Microglial AIM2 alleviates antiviral-related neuro-inflammation in mouse models of Parkinson's disease

Inflammasome involvement in Parkinson's disease (PD) has been intensively investigated. Absent in melanoma 2 (AIM2) is an essential inflammasome protein known to contribute to the development of several neurological diseases. However, a specific role for AIM2 in PD has not been reported. In this study, we investigated the effect of AIM2 in the N-methyl-4-phenyl-1, 2, 3, 6-tetrahydropyridine (MPTP)-induced PD model by use of various knockout and bone marrow chimeric mice. The mechanism of action for AIM2 in PD was assessed by RNA-sequencing and in vitro primary microglial transfection. Results were validated in the A30P transgenic mouse model of PD. In the MPTP mouse model, AIM2 activation was found to negatively regulate neuro-inflammation independent of the inflammasome.

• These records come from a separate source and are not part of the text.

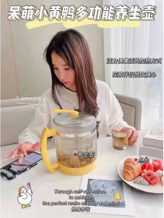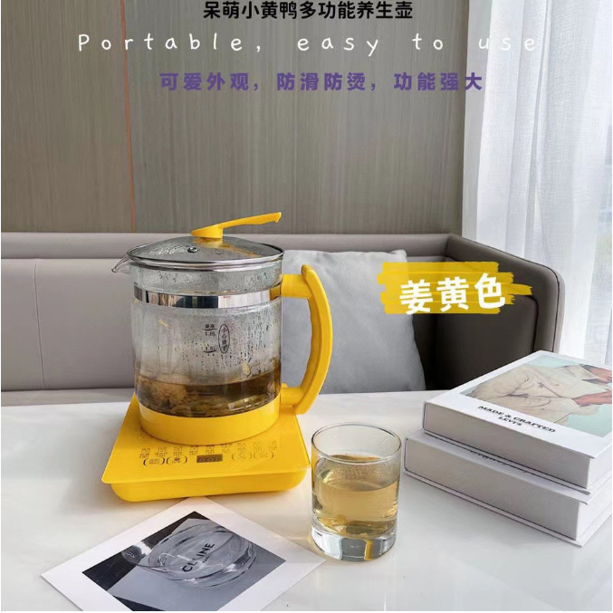 商品名称:小黄鸭养生壶小黄鸭多功能分体养生壶家用全自动玻璃花茶壶1.8L自动保温热水壶 小黄鸭分体养生壶 商品毛重:1.0kg 类别:多功能电子家居 题材:其他适用 季节:夏季 风格:中国风 适用场景:生日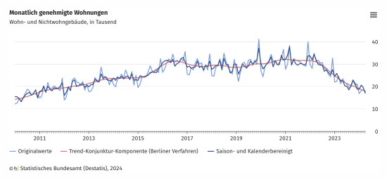 Dabei ging die Zahl der Baugenehmigungen für Einfamilienhäuser um 32,5 Prozent auf 12.300 zurück. Bei den Zweifamilienhäusern sank die Zahl genehmigter Wohnungen um 18,3 Prozent auf 4.400. Auch bei der zahlenmäßig stärksten Gebäudeart, den Mehrfamilienhäusern, verringerte sich die Zahl der genehmigten Wohnungen deutlich um 20,2 Prozent auf 38.500 Wohnungen.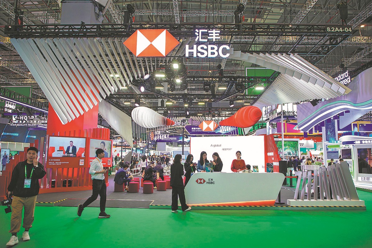 A photo is captured at the exhibition stand of HSBC during the 7th China International Import Expo in Shanghai on Nov 7. HU XUEBO/FOR CHINA DAILY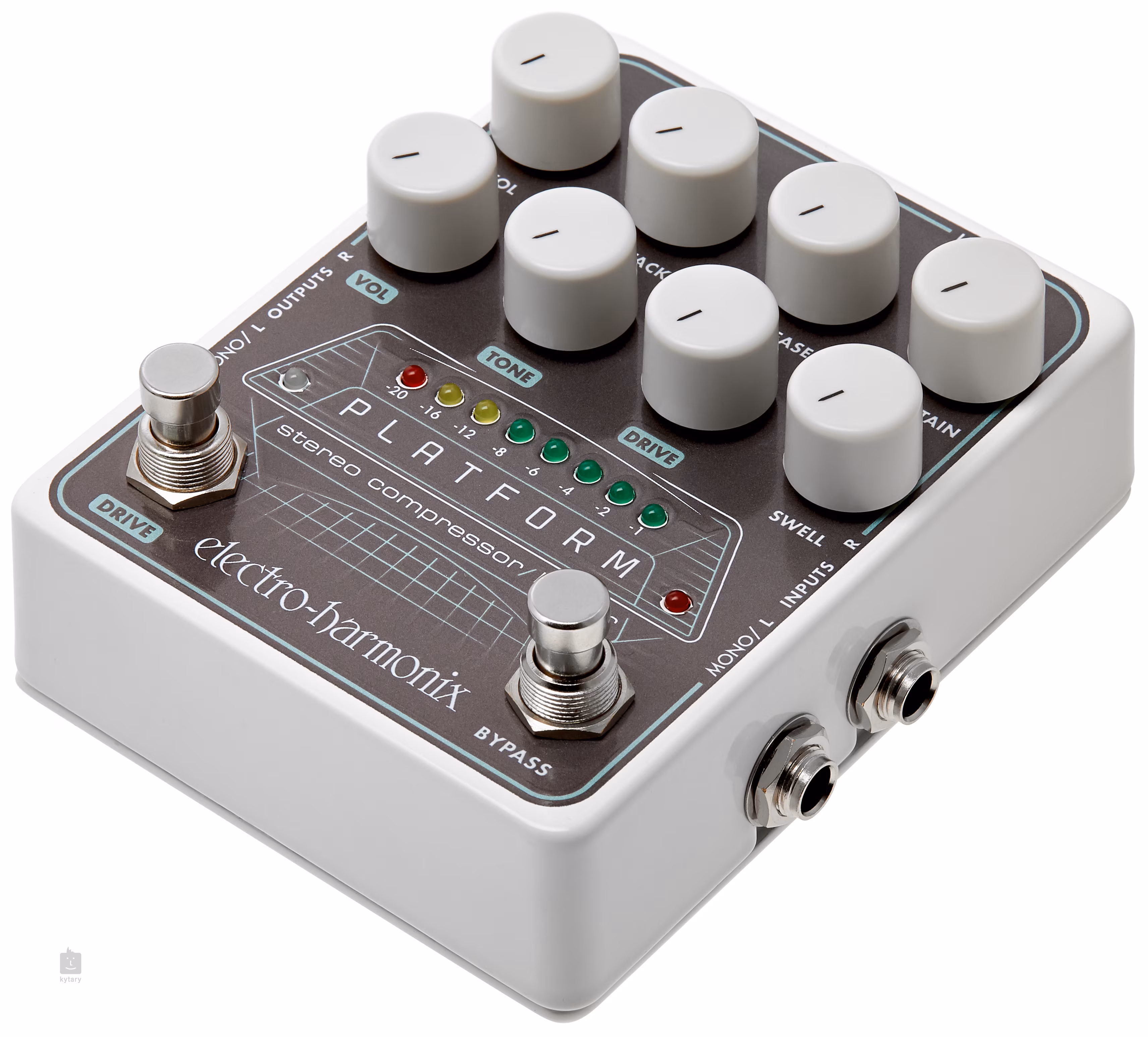 Funkce kompresoru/limitéru lze ovládat pomocí ovladačů Volume, Attack, Release, Sustain a tlačítek Limiter/Knee, které ovlivňují širokou škálu zvukových vlastností v podobě rychlosti a charakteru ataku nebo délky sustainu. Potenciometrem Swell zcela eliminujete zvukový atak; jeho otáčením docílíte různých fade in/reverse tónů s charakterem blízkým smyčcovým nástrojům nebo slide kytaře. Samostatná sekce overdrive s nožním spínačem a ovladači Volume, Tone a Drive je volbou, kterou můžete a nemusíte využít. Komu je bližší řízný zvuk rockové kytary tuto funkci uvítá.

Microglial AIM2 deficiency exacerbated behavioral and pathological features of both MPTP-induced and transgenic PD mouse models. Mechanistically, AIM2 reduced cyclic GMP-AMP synthase (cGAS)-mediated antiviral-related inflammation by inhibition of AKT-interferon regulatory factor 3 (IRF3) phosphorylation. These results demonstrate microglial AIM2 to inhibit the antiviral-related neuro-inflammation associated with PD and provide for a foundation upon which to identify new therapeutic targets for treatment of the disease.